For Bratescu the gesture of a hand is closely related to the act of drawing, as depicted in the last scenes of the film Hands. Drawing is at the core of Bratescu’s working process. Sketches and studies function as autonomous artworks but also serve as the basis for other pieces, including films for which the artist sometimes prepares visual scripts, and works in other media including performance, graphic work, collage, photography and textiles. In her approach to drawing Bratescu references the academic tradition, often drawing on sources as varied as her professor in Romania, Camil Ressu (1880–1962), or European masters such as Edgar Degas (1834–1917).

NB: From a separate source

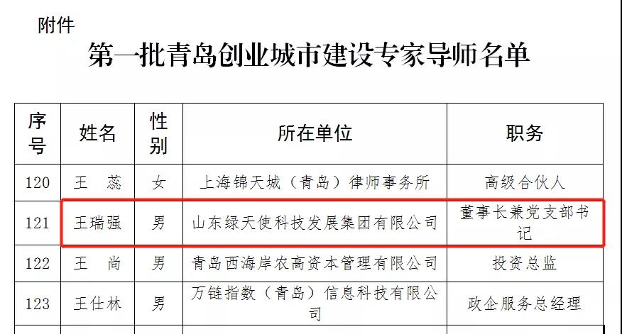 綠天使集團董事長兼黨支部書記王瑞強入選首批青島創業城市建設專家導師名單

Hands also reveals Bratescu’s interest in her working spaces. The film The Studio, conceived in the same year, shows the artist performing various activities in her studio and interacting with the objects crowded around her. Similarly Hands shows her drawing board, where over the years many of her works were created. The artist often transforms ordinary objects and humble materials, as seen in the film, into artworks. Here her restless gestures unveil the working process and circumstances of artistic production. Curator and critic Magda Radu has written:
Reading the screenplay, we notice that the work surface is called a ‘field of action’, and in its expanse the hands come into contact with the ‘selvage of objects’, taking possession of them one by one only to abandon them shortly thereafter. The imagination transforms the objects into characters, and the worktop becomes a landscape, so that it is not at all inappropriate to liken it to a gameboard. Everything is serious about it, because the actions of the hands seem to remind us of the fact that we are witnesses to an ‘act of creation’, even if the dividing line between art and ‘non-art’ is difficult to establish.
(Radu 2012, p.52.)
Further reading
Ruxandra Balaci (ed.), Geta Bratescu, exhibition catalogue, The National Museum of Art – Romania, Bucharest 1999.
Magda Radu, Geta Bratescu. The Artist’s Studios, Salonul de projecte, Bucharest 2012.
Geta Bratescu, ‘My Influences’, Frieze, October 2012, no.150, pp.190–5.